Given material:

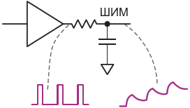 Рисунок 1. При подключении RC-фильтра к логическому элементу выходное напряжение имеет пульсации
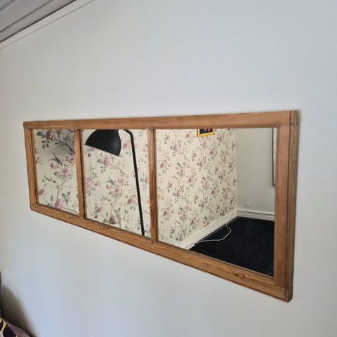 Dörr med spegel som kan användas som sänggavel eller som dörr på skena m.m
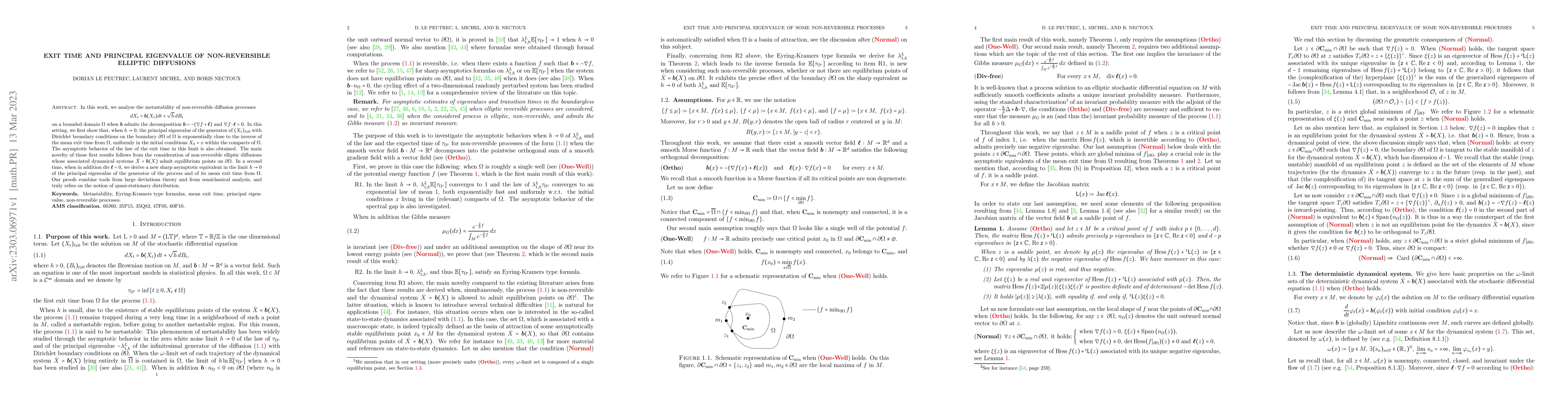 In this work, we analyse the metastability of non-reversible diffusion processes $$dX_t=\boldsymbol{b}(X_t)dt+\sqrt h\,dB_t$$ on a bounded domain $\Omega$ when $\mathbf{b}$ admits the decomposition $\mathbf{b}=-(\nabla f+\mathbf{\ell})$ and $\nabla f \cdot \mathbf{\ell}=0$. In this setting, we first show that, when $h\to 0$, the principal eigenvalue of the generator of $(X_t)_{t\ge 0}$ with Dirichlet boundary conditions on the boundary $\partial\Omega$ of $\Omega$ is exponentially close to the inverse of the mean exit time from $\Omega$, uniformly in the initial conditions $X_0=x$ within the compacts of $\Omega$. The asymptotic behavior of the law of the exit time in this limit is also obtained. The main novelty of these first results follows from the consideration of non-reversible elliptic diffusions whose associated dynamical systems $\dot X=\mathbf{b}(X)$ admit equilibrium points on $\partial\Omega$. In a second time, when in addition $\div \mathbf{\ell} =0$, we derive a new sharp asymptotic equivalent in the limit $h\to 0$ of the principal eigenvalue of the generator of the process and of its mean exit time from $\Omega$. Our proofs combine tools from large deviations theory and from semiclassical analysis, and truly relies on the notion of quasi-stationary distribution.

The task: Without including any pictures, reproduce the listing exactly.

Finished task:
 Рисунок 1. При подключении RC-фильтра к логическому элементу выходное напряжение имеет пульсации
 Dörr med spegel som kan användas som sänggavel eller som dörr på skena m.m
 In this work, we analyse the metastability of non-reversible diffusion processes $$dX_t=\boldsymbol{b}(X_t)dt+\sqrt h\,dB_t$$ on a bounded domain $\Omega$ when $\mathbf{b}$ admits the decomposition $\mathbf{b}=-(\nabla f+\mathbf{\ell})$ and $\nabla f \cdot \mathbf{\ell}=0$. In this setting, we first show that, when $h\to 0$, the principal eigenvalue of the generator of $(X_t)_{t\ge 0}$ with Dirichlet boundary conditions on the boundary $\partial\Omega$ of $\Omega$ is exponentially close to the inverse of the mean exit time from $\Omega$, uniformly in the initial conditions $X_0=x$ within the compacts of $\Omega$. The asymptotic behavior of the law of the exit time in this limit is also obtained. The main novelty of these first results follows from the consideration of non-reversible elliptic diffusions whose associated dynamical systems $\dot X=\mathbf{b}(X)$ admit equilibrium points on $\partial\Omega$. In a second time, when in addition $\div \mathbf{\ell} =0$, we derive a new sharp asymptotic equivalent in the limit $h\to 0$ of the principal eigenvalue of the generator of the process and of its mean exit time from $\Omega$. Our proofs combine tools from large deviations theory and from semiclassical analysis, and truly relies on the notion of quasi-stationary distribution.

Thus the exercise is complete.